# Just get a better toilet!



## GrumpyPlumber (Jun 12, 2008)

*This ones for the books.*
*I did an estimate yesterday for a referral from an existing customer.*
*It's a pending home sale and they needed an estimate on how much it would cost to repair the downstairs bath that had obviously been diy'ed*
*Real estate agent was present and when I informed her that the slab had to be drilled and a sewage ejector installed...she insisted I was wrong and that all they needed to do was put in a more powerful toilet. (classic)*
*As you all can imagine, there's no vent for this group...I simply filled the lav and let everyone watch the water level in the toilet slowly drop as the lav drained.*

*I betcha you guys might be able to figure out what the other problem(s) are...*


----------



## 22rifle (Jun 14, 2008)

If you put in an ejector you will have to vent to atmosphere too huh?

Nice tee on it's side too.

BTW, what about those toilets sitting on an ejector? Would that work here?

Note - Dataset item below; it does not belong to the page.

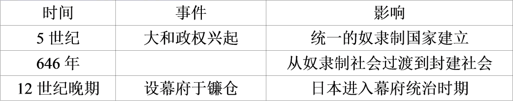 47.(2014·黑龙江中考真题)日本从奴隶社会过渡到封建社会的标志性事件是【 】

Doncha hate working with real estate agents on a home sale? Everything you say is a strike against their interests so it's this big tug of war thing going on.


----------



## user4 (Jun 12, 2008)

I guess backpitch is better than no pitch? :whistling2:


----------



## Song Dog (Jun 12, 2008)

Funny, she has the solution, just get a better toilet. Its not the problem. I love it (not really) when someone who doesn't have a clue knows more about what i do, than I do.

In Christ,

Song Dog


----------



## threaderman (Jun 17, 2008)

No primer, and is that C.I. or concrete? If so it looks like the hub is supporting the weight of the pipe ,which is a no-no.Also,no ferncos allowed inside the structure ,it should be no-hubs/mission bands.Any one else here call them mission bands?I would think the northern plumbers have or do.


----------



## threaderman (Jun 17, 2008)

I like to keep the spigot end of a fitting running down-stream as well,if possible.


----------



## GrumpyPlumber (Jun 12, 2008)

*The san-tee on it's side, the obvious back-pitch in the photo, the fernco clamps with no sleeve, no supports on the 4" PVC , no venting...and yes, I mentioned the "quick-Jon" as well but was immediately shot down by the all knowing R.E. agent who told me a flushometer or power flush would resolve the back-pitch.*

*When the R.E. agent started talking to me like I didn't know what I was talking about, I just said f-ck it and quoted the most expensive alternative...I was hired by the buyer to give them an honest appraisal for negotiating the price down.*

*The agent might have gotten the Quick-Jon alternative...but seeing as she knows so much more than me I figured she could estimate that option.:laughing:*


----------



## smellslike$tome (Jun 16, 2008)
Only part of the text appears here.